A political lesson can also be drawn from some mediaeval sculptures of the fable, most notably on the Great Fountain in Perugia executed in 1278 by Nicola Pisano and his son Giovanni. Since Perugia was at that time an ally of Rome, a carving of the wolf suckling Remus is included there; but the wolf peers back over her shoulder towards two adjacent panels depicting the fables "The Wolf and the Lamb" and "The Wolf and the Stork". This hints at the political lesson that the friend might find an excuse to swallow its ally or at the very least would not reward its help.

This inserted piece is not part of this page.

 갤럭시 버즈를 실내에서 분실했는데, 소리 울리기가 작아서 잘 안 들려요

Where sculptures of the fable are found in a church, a different symbolism is involved. Commenting on its appearance above a capital of the west door of Autun Cathedral, one scholar points out that what is in this instance a fox typifies the devil, and the crane is an emblem of Christian care and vigilance, ever active in saving souls from the jaws of hell. The crane must therefore be imagined as coming to the rescue, not of the fox, but of the bone. This religious meaning made the subject, according to the French architect Eugène Viollet-le-Duc, one of the commonest sculpted on buildings from the 12th to the 13th century, not simply in France, but elsewhere in Europe. The fable appears as one of many animal scenes in the borders of the 11th-century Bayeux Tapestry.

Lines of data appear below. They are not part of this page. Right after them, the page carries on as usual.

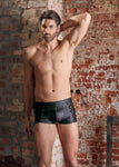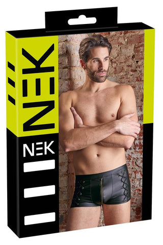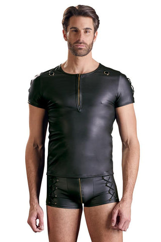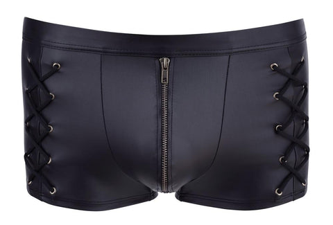Distinctive male matte look! Delicate, black pants with an underlaid brass zipper in the front. With prominent lacings on the sides. Tight-fitting, elastic fit for an ideal wearing comfort.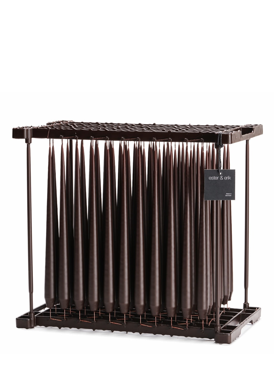 Beautiful, handcrafted tapered candles in matte Espresso, colour 27, by Ester & Erik, a small Danish family run business. Artisans and experts for over 30 years in creating the most elegant tapered candles. Amazing 8 hours of burn time due to the traditional hand dipped method, this also makes these candles clear and steady flamed.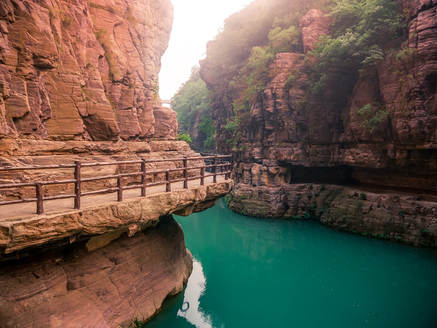 【紅石峽(下車參觀)】又名溫盤峪,它集泉瀑溪潭澗諸景於一穀,融雄險奇幽諸美於一體,被風景園林專家稱讚為「自然山水精品廊」。紅石峽,這方石英砂岩峽谷,因富含氧化鐵, 經子房河水長年侵蝕,夢幻般的丹崖碧水,集秀、幽、雄、險於一身,泉、瀑、溪、潭于一穀”的奇景。紅石峽南端有一狹窄的峽谷稱為“一線天”,有瀑高50餘米的白龍瀑布。

The subject continues to be featured in more modern times, as evidenced by its appearance on the St. Petersburg monument to Ivan Krylov (1855), as a bronze sculpture by Joseph Victor Chemin (1825–1901) in the Musée Jean de La Fontaine, and by Stefan Horota in Berlin's Treptower Park (1968). In Bangladesh, the story is adapted to native species, the tiger and crane or egret, and is found painted on rickshaw panels as illustrated above.